It’s often grim on Coronation Street, but have things ever been as gloomy on the soap as they appear to be at the company that screens it?
ITV has just put out a trading statement containing more rain than you’ll find in a Manchester winter (and I should know, I used to live there).
A 9 per cent fall in net advertising revenue for the first quarter of the year, a 3 per cent decline in overall revenues, despite their being fattened by a good performance from ITV Studios, which posted a 7 per cent rise, making it a rare ray of sunshine.
There may be worse to come (the company has warned as much). There's no big international football tournament to provide a boost the way the European Championships did last year.
Ad revenues are supposed to pick up in the autumn and winter, but outgoing chief executive Adam Crozier, who has been in the job for seven years, is worried about the economy, and he’s right to be.
The best thing broker Panmure could say about it all was that it was “no worse than anticipated” while pointing to the fact that ITV is at least holding to its guidance. For now.

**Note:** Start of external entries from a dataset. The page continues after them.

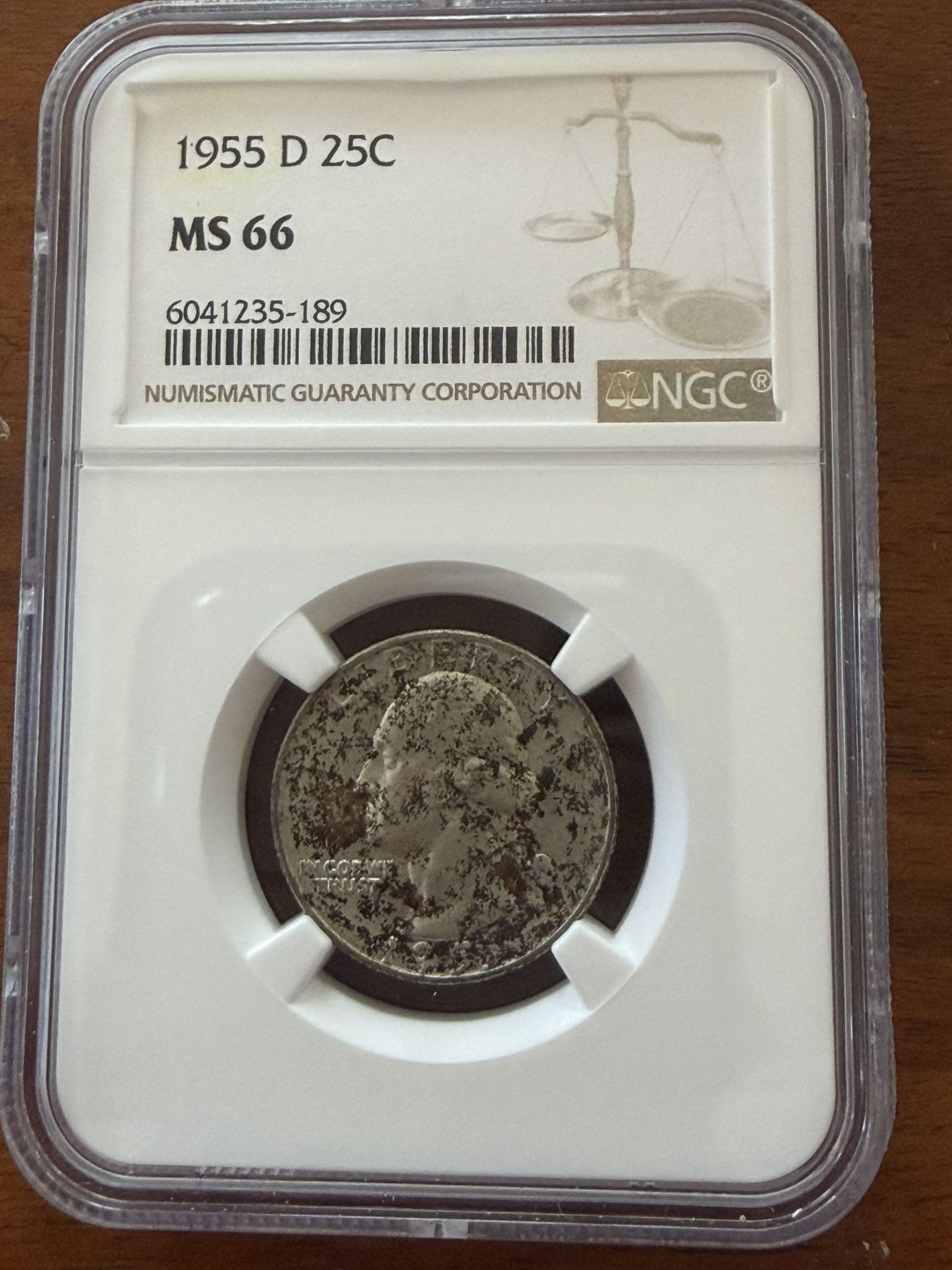 This is a 1955 D Washington Silver Quarter graded MS 66 by NGC. The last pic shows this coin on https://offerup.com/redirect/?o=TkdDY29pbi5jb20vdmVyaWZ5
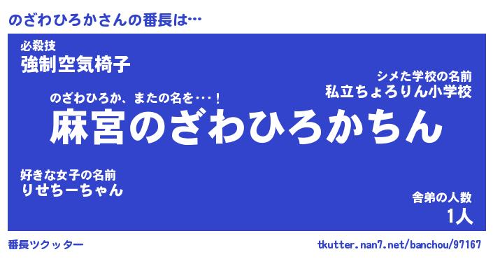 | ポケモン風あだ名 | 『ノザチュウ』『ノザワダネ』 |
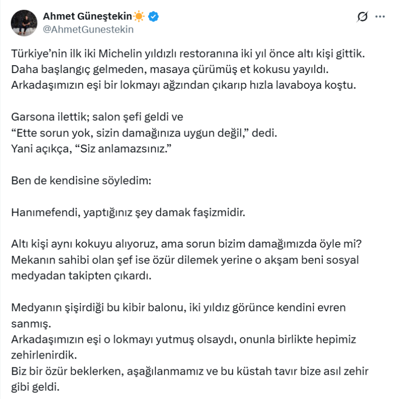 Güneştekin, bu tavrı “damak faşizmi” olarak tanımladığını ifade etti ve restoranın sorumluluk almak yerine kendisini sosyal medyadan engellediğini belirterek devam etti:
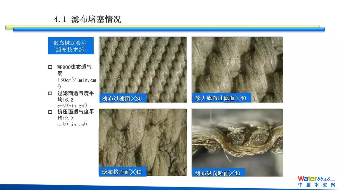 上圖是采用WP900型斜紋復(fù)絲編織濾布,新濾布透氣度150,具有較高抗拉強度,防止濾布拉伸收縮變形后,濾布行走電機出現(xiàn)過載或濾布從導(dǎo)向輥脫落現(xiàn)象。但加藥脫水后濾布容易堵塞,我們委托日本敖島株式會社濾布技術(shù)部對堵塞濾布過濾面、擠壓面進行透氣度檢測,各做五組平行樣,過濾面透氣度平均16.2 cm3/cm2/min,擠壓面透氣度平均12.2cm3/cm2/min,濾布堵塞嚴重。

Mr Crozier may be getting out at the right time. That’s an under-rated skill when it comes to chief executives. They ought to teach it at business schools.
His successor is going to find the going heavy, unless he or she can find a buyer, and it does rather speak volumes that ITV is hardly the belle of the ball, even with the weak pound making British companies cheap for overseas predators.

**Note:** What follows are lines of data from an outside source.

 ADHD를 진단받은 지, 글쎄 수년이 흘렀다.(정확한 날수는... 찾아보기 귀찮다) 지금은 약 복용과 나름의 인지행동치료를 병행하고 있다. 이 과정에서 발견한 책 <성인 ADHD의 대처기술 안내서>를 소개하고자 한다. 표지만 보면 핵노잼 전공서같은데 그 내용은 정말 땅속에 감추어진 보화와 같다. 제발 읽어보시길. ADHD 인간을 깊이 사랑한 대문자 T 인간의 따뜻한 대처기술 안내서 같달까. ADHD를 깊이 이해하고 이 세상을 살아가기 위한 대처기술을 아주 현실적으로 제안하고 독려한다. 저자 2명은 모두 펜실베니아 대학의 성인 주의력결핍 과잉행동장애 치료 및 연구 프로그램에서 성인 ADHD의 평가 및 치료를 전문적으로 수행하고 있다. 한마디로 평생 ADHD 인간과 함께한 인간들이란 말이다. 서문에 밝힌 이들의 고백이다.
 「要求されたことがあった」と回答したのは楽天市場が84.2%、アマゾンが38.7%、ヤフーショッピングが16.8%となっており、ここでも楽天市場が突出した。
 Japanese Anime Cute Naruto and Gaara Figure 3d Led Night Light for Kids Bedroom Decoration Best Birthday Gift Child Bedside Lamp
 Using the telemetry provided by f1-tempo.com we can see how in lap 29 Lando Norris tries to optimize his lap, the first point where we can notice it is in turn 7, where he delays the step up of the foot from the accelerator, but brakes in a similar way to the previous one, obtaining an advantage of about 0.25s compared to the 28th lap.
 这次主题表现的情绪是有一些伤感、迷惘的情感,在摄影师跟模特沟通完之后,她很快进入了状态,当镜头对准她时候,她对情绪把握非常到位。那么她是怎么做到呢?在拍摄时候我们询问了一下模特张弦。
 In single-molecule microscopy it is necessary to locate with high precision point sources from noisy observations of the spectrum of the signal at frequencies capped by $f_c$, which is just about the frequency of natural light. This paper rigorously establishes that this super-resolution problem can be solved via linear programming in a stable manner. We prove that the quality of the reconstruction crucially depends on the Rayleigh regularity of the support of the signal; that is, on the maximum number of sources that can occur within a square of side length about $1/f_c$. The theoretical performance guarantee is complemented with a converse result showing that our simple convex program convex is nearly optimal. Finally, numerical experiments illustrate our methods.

The broadcaster always boasts that it can deliver a mass audience in a way few others can. But for how long? And (more to the point) for how long will advertisers with big mass-market brands see that as worth paying out for?
Those are the issues his successor will have to address. They’ll get paid handsomely. Chief executives always are. But running ITV doesn’t seem like a terribly enviable job, unless your strategy is to serve it up to a buyer.
Imagine what the numbers would have looked like without the boost provided by ITV Studios. Content is king in the new world of broadcasting, as Amazon and Netflix are proving. If you’ve got it, you can flaunt it, and you might not even need to worry about advertisers.
Much rests on the ability of ITV's production arm to deliver like those two do with such great regularity. Not just to ITV's channels, but to others too.
The British can do drama, and not just (yawn) period drama, when they put their minds to it. ITV has produced shows that amply demonstrate that.
It’d be nice to see it making more. There might even be a future in the company if Mr Crozier’s successor is willing to give that part of the business the love it needs, and the money. Especially the money.
That might take courage. There's not all that many chief executives with the necessary will to tell the City that they're going all in, and that investors might have to wait a while for their payoff as a result. So much easier to sit back, let the bean counters cut costs, and pick up a fat cheque by doing so.
Much could rest on the new ITV chief opting to go with the former script for their forthcoming drama.